Более сознательный сборщик доходов ограничивался традиционными для его земли поборами (и часто открыто оговариваемыми, когда прибывала новая компания) и отменял их часть в трудные времена. Но даже традиционные налоги мало оставляли крестьянину. И слишком многие сборщики были беспринципны. В обществе, где статус закреплялся ненадолго и каждый должен был успеть забраться настолько высоко, насколько позволяла ему смекалка, всегда существовала угроза, что налагаемые местным обычаем ограничения на сбор доходов будут попраны. Чтобы отнять у крестьянина максимальный доход, местные помещики, получатели икта и сборщики налогов использовали всевозможные надувательства.

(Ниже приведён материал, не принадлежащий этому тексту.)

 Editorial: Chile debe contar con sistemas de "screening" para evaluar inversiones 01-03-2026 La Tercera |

Заочные землевладельцы — по договору или в силу фискальных полномочий — особенно часто пренебрегали подобными обычаями. Даже когда обычая придерживались в целом, его могли нарушить в деталях: так, помещик мог заставить нуждавшегося земледельца, в противовес обычаю, продать ему его, земледельца, долю урожая по низкой цене, угрожая не предоставить семян или других ресурсов, которые могли понадобиться крестьянину позже. Такие жестокие приемы имели место там, где многое зависело от свободного договора.

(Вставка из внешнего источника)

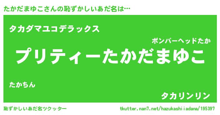 | ヒーロー風カッコイイあだ名 | 『仮面タカダー』『スーパータカダマユコ』 |
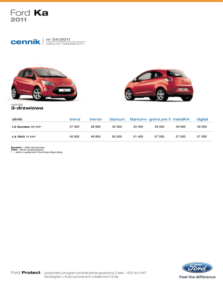 Ford Ka 2011 cennik nr 04/2011 wa˝ny od 7 listopada 2011 r. wersja 3-drzwiowa silniki trend trend+ titanium 1.2 Duratec 69 KM* 37 000 38 800 42 200 43 400 49 500 49 000 49 000 1.3 TDCi 75 KM* 45 000 46 800 50 200 51 400 57 500 57 000 57 000 titanium+ grand prix II metalKA Duratec - silnik benzynowy TDCi - silnik wysokopr´˝ny * - silnik z systemem Ford Auto-Start-Stop Ford Protect – opcjonalny program przed∏u˝enia gwarancji 3 lata – 400 z∏ z VAT Szczegó∏y u Autoryzowanych Dealerów Forda digital Ford Ka 2011 wyposa˝enie bezpieczeƒstwo nd tre Uk∏ad przeciwblokujàcy (ABS) z elektronicznym systemem podzia∏u si∏y hamowania (EBD) oraz uk∏adem wsomagajàcym awaryjne hamowanie (EBA) Poduszki powietrzne – poduszki czo∏owe kierowcy i pasa˝era z przodu Boczne poduszki powietrzne Przednie Êwiat∏a przeciwmgielne Wycieraczki przedniej szyby o pr´dkoÊci pracy dostosowujàcej si´ do pr´dkoÊci jazdy Elektroniczny uk∏ad stabilizacji toru jazdy (ESP) wraz z uk∏adem wspomagania awaryjnego hamowania (EBA) oraz systemem u∏atwiajàcym ruszanie z miejsca na wzniesieniach (HSA) 2 + nd tre II + l m rix m lKA u p ta i u i a n t d n igi a e n a t d i t a t m ti gr s s s s s s s s – – s s – s s s s s s s s s s s s s s s s s s s s s s 2 000 2 000 2 000 2 000 2 000 2 000 s – s s s s s s s s s s s s – s s s – s – – – – – – – s – p – p – p – p – s 900 p – s 900 p s s 900 p – s 900 p – s 900 p – – 40 – – 40 – s 40 s s 40 s s 40 s s 40 s s 40 s s s s s s s s – s s s s s s s s s s s s p p s s s s s 100 s 100 s 100 s 100 s 100 s 100 s 100 s 000 komfort Elektryczny uk∏ad wspomagania kierownicy Elektrycznie sterowane szyby przednich drzwi Elektrycznie sterowane i podgrzewane lusterka boczne, obudowy w kolorze nadwozia Elektrycznie sterowane i podgrzewane lusterka boczne, obudowy w kontrastujàcym kolorze Elektrycznie sterowane i podgrzewane lusterka boczne, obudowy w kolorze Carbon Fibre Klimatyzacja manualna Klimatyzacja z automatycznà regulacjà temperatury Podgrzewana przednia szyba Kierownica pokryta skórà dla Grand Prix II, Digital, Metal KA w unikalnym wykoƒczeniu. Dywaniki welurowe z przodu i z ty∏u Pakiet dla palàcych Dodatkowa elektryczna nagrzewnica wn´trza PTC (tylko do silników wysokopr´˝nych) zabezpieczenia Elektroniczny immobilizer Centralny zamek sterowany pilotem systemy audio i nawigacji Radioodbiornik z odtwarzaczem p∏yt CD/MP3, 6 g∏oÊników, gniazdo AUX–IN do pod∏àczania zewn´trznych odtwarzaczy elementy funkcjonalne Ko∏o zapasowe dojazdowe mini (zamiast zestawu do naprawy ogumienia) Zestaw do naprawy ogumienia s – wyposa˝enie standardowe – – opcja niedost´pna p – opcja dost´pna tylko w pakiecie Ford Ka 2011 wyposa˝enie stylizacja nd tre Lakier niemetalizowany bia∏y – Crystal White 500 Lakier metalik 1 300 Lakier specjalny – Piste – Lakier specjalny – Blush – Tylny spoiler – Przyciemniane szyby tylnej cz´Êci przedzia∏u pasa˝erskiego – Dach panoramiczny z filtrem przeciws∏onecznym oraz boczne kurtyny powietrzne – Logo KA z wykoƒczeniem chromowanym na s∏upku B – 14” obr´cze stalowe, ko∏paki (wzór 6–ramienny) s 15” obr´cze stalowe, ko∏paki (wzór 10–ramienny) – 15” obr´cze ze stopów lekkich (wzór 13–ramienny) – 16” obr´cze ze stopów lekkich (wzór 5x2–ramienny) – 16” obr´cze ze stopów lekkich (wzór 5x2–ramienny) black – + nd tre II + l m rix m lKA u p ta i u i a n t d n igi a e n a t d i t a t m ti gr 500 1 300 – – – 500 1 300 1 950 1 950 – 500 1 300 1 950 1 950 – 500 1 300 1 950 – s – 1 300 – – – 500 1 300 1 950 – – – s s s s s – – s – – – – 2 200 – – s – – – 2 200 s – – s – – 2 200 – – – – – s 2 200 s – – – s – 2 200 – – – – s – pakiety wyposa˝enia dodatkowego Indywidualny pakiet stylizacji nadwozia „Digital” – obr´cze ze stopów lekkich 16”, zestaw folii na nadwozie z motywami „Digital”, obramowanie przedniej kraty wlotu powietrza oraz obudowy lusterek bocznych lakierowane w kolorze Jump, chromowana koƒcówka rury wydechowej – Indywidualny pakiet wykoƒczenia wn´trza „Digital” – tapicerka foteli i wykoƒczenia wewn. wyk∏adzin drzwi z oryginalnymi motywami „Digital”, lakierowane elementy wykoƒczenia wn´trza (wewn. uchwyty drzwi, obramowanie postumentu dêwigni zmiany biegów, obramowania centralnej konsoli, obramowania dysz nawiewu, obramowanie zespo∏u wskaêników), welurowe dywaniki pod∏ogowe z kolorowymi szwami, kierownica pokryta barwnà skórà, barwny uchwyt dêwigni zmiany biegów, barwna oprawa dêwigni hamulca r´cznego – Indywidualny pakiet stylizacji nadwozia „Grand Prix II” – obr´cze ze stopów lekkich wykoƒczone w kolorze czarnym 16”, zestaw folii na nadwozie z motywami „Grand Prix II”, obramowanie przedniej kraty wlotu powietrza oraz obudowy lusterek bocznych lakierowane w kolorze Carbon Fibre, chromowana koƒcówka rury wydechowej – Indywidualny pakiet wykoƒczenia wn´trza „Grand Prix II” – tapicerka foteli w kolorze czerwonym ze wstawkami w tonacji Carbon Fibre, wstawki w drzwiach w czerwonym kolorze, elementy wykoƒczenia wn´trza (wewn. uchwyty drzwi, obramowanie postumentu dêwigni zmiany biegów, obramowania centralnej konsoli) wykoƒczone w tonacji Fibre Carbon, pierÊcienie nawiewów oraz obramowanie zegarów wykoƒczone w tonacji Sunrise, welurowe dywaniki pod∏ogowe z lamówkami w tonacji Carbon Fibre oraz z przeszyciami w kolorze czerwonym, kierownica pokryta 2 kolorami skóry: Syracuse i w kolorze czerwonym, uchwyt dêwigni zmiany oraz uchwyt dêwigni hamulca r´cznego wykoƒczone skórà Syracuse z czerwonymi przeszyciami s – wyposa˝enie standardowe – – opcja niedost´pna p – opcja dost´pna tylko w pakiecie – – – – – S – – – – – S – – – S – – – – – S – – Ford Ka 2011 wyposa˝enie nd

Время от времени благочестивый правитель отменял слишком обременительные поборы, которые меньше всего согласовывались с предписаниями шариата. Но довольно скоро их восстанавливали, если вообще подобная отмена воспринималась всерьез, местным декретом или даже произволом со стороны уполномоченных собирать доход. Вопреки шариату многие правители делали все, чтобы затруднить земледелие в подвластной им области. Это были те же самые правители, что изобретали самые жестокие способы изъять максимальную долю урожая, не думая о том, выживет ли крестьянин на оставшееся после поборов. Конечно, за подобное поведение очень скоро наступала расплата; но правящие элементы были убеждены, что оно вписывается в рамки их полномочий, даже если не соответствует ни юридическим нормам, ни здравому смыслу.

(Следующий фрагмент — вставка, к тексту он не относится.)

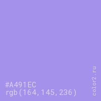 Цвет #A491EC в цветовой модели RGB обозначается тремя октетами (164, 145, 236) в десятичном формате и #A491EC в шестнадцатиричном (hex) формате, которые являются интенсивностью красного 164 (hex A4), интенсивность зелёного 145 (hex 91) и интенсивность синего 236 (hex EC).
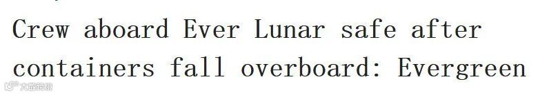 据 focustaiwan 报道,8 月 2 日,台湾最大集装箱船运公司 Evergreen Marine Corp.表示,前一天( 8 月 1 日)“Ever Lunar”号在秘鲁海岸附近有数十个集装箱落水,但船上所有船员均安全。
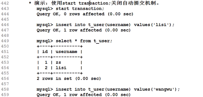 commit; //提交事务,将硬盘中的数据按缓存中的操作作相应变化,并删除缓存
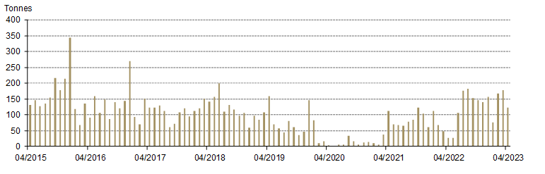- Gold imports fell to 124t in April (-54t), primarily driven by seasonality and the lower local gold price premium.
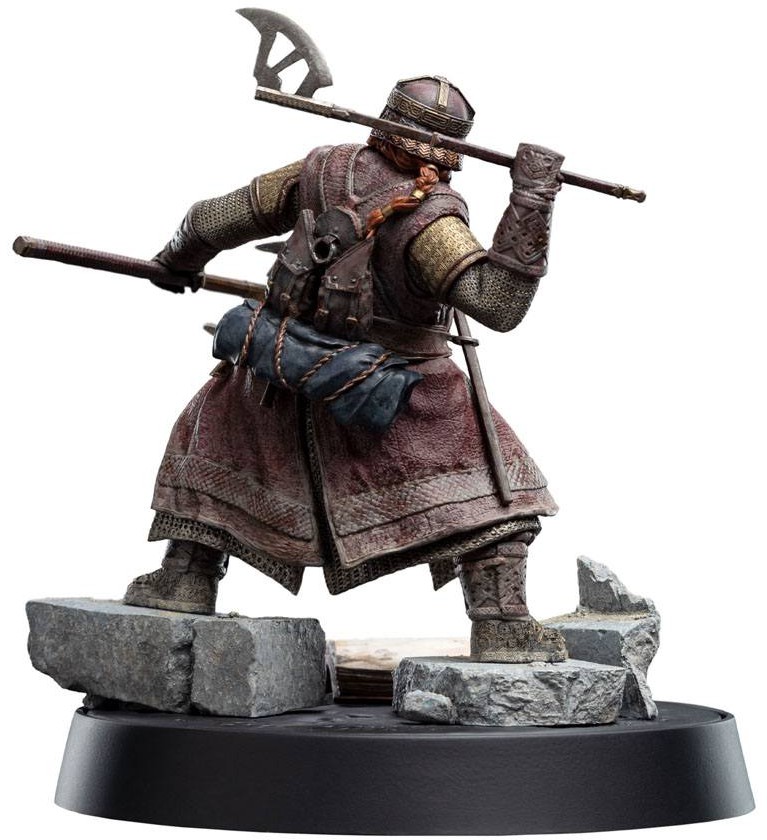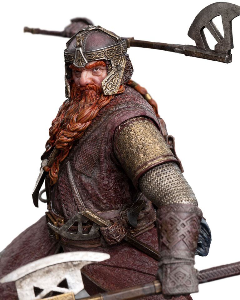 Charging into the thick of battle, Gimli cuts his enemies down to size with an inexhaustible tenacity for which the Dwarven race is known. Learning then, that one of his own kin was slain by an infestation of Orcs, sends the hardened warrior into a rage, transforming the Dwarf into a deadly whirlwind of blade, beard, and fury.
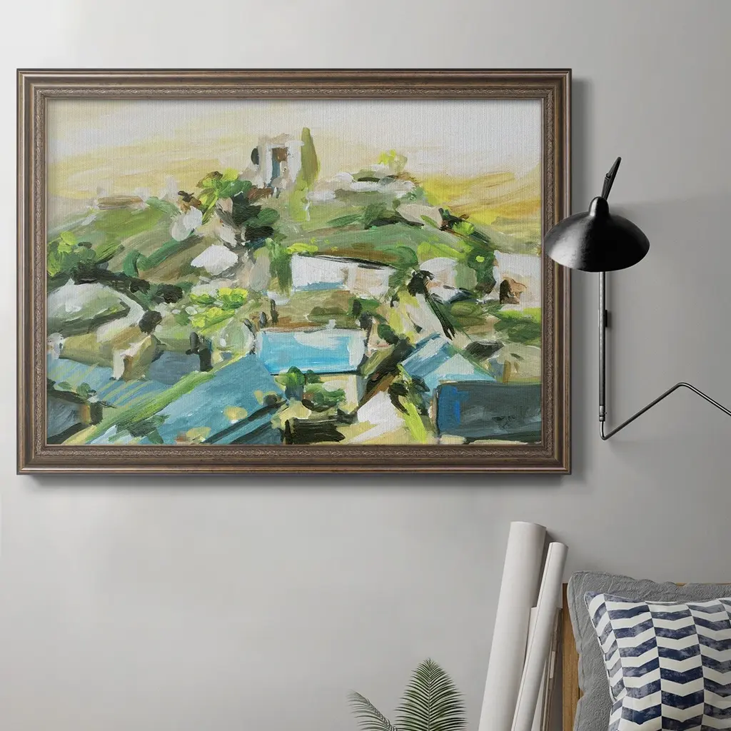 Provincial Villa portrays an elegant, serene country villa, set amidst a lush, tranquil landscape. The artwork captures the timeless charm of rural architecture, with soft, muted colors and detailed textures that evoke a sense of peaceful luxury and rustic sophistication.
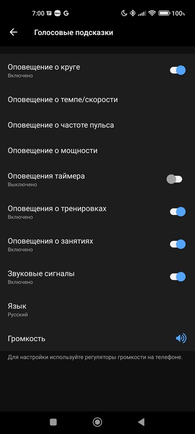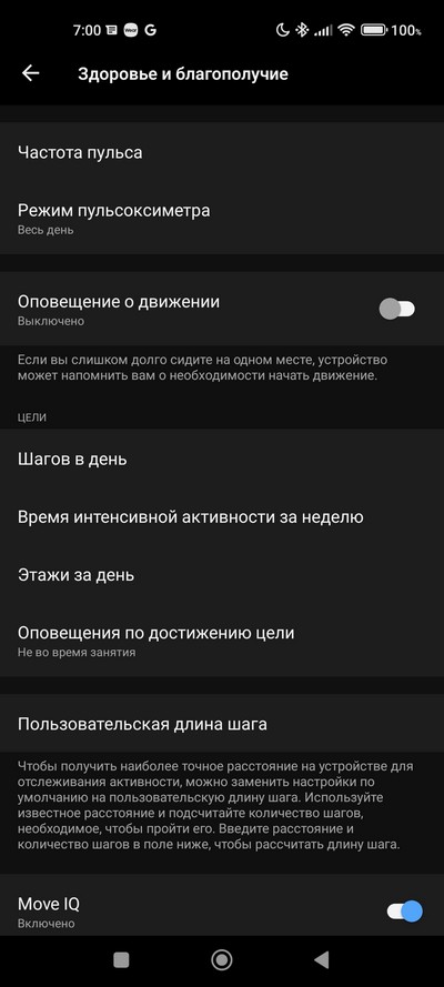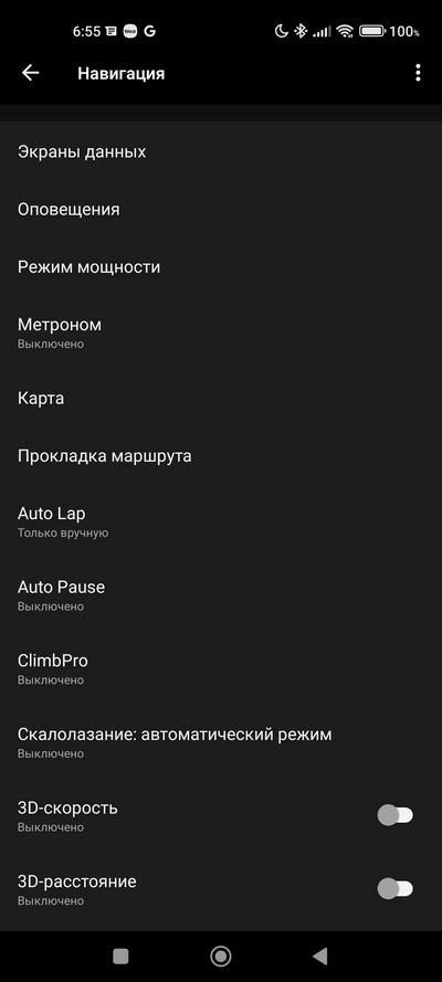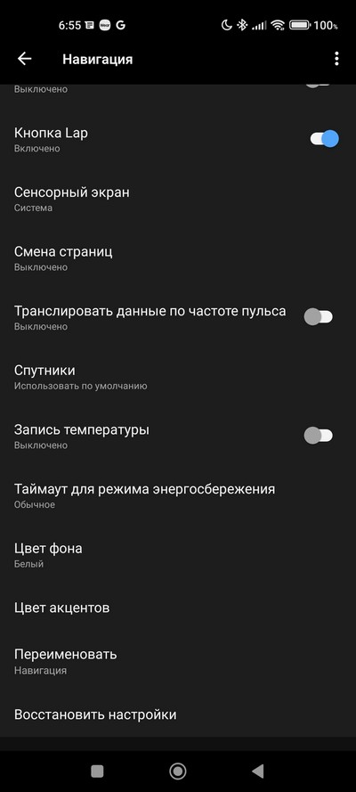 Настройки - тренировки, уведомления, датчики, карты, музыка, беспроводная связь, голосовые подсказки, профиль пользователя, отслеживание и безопасность, здоровье и благополучие, навигация, диспетчер энергопотребления, системные настройки. В настройках системы кроме всего прочего настройки подсветки для спорта, сна и обычного использования.

Но местный обычай, позволявший одни методы и запрещавший другие, мог в известной степени сохранить жизнеспособный баланс между притязаниями получателей дохода и потребностями земледельцев, которые его создавали. В то же время политика руководителей налоговой службы при эмире, которые, как правило, учитывали долгосрочные перспективы, способствовала сохранению определенной последовательности во всеобщем развитии. Следовательно, все существовавшие методы сбора доходов применялись не бессистемно. Можно отследить некоторые общие принципы из века в век: принципы, которые на протяжении Средних веков вели к милитаризации процесса.
В пригородных деревнях или вдоль дорог состоятельные жители чаще всего являлись заочными владельцами либо контролировали сбор доходов самостоятельно. Именно доходы с таких деревень обычно находились в распоряжении правительства, то есть в последней инстанции — эмира и его армии. Они подлежали произвольному изъятию эмиром и особенно великим султаном (который контролировал гарнизоны во многих городах), когда тому случалось проезжать мимо со своим войском. Соответственно именно такие деревни чаще всего выделялись как икта на более или менее постоянной основе отдельным военачальникам и их командирам. С этих правительственных наделов военные должны были получать жалованье напрямую из доходов деревни в силу фискальных полномочий. В ходе этого процесса ущемлялись права городских получателей оброка, с которых владелец икта тоже взимал налог (как и с крестьян). Постепенно главный получатель доходов становился владельцем икта. В итоге страдала независимость и высших гражданских слоев, и местного крестьянства.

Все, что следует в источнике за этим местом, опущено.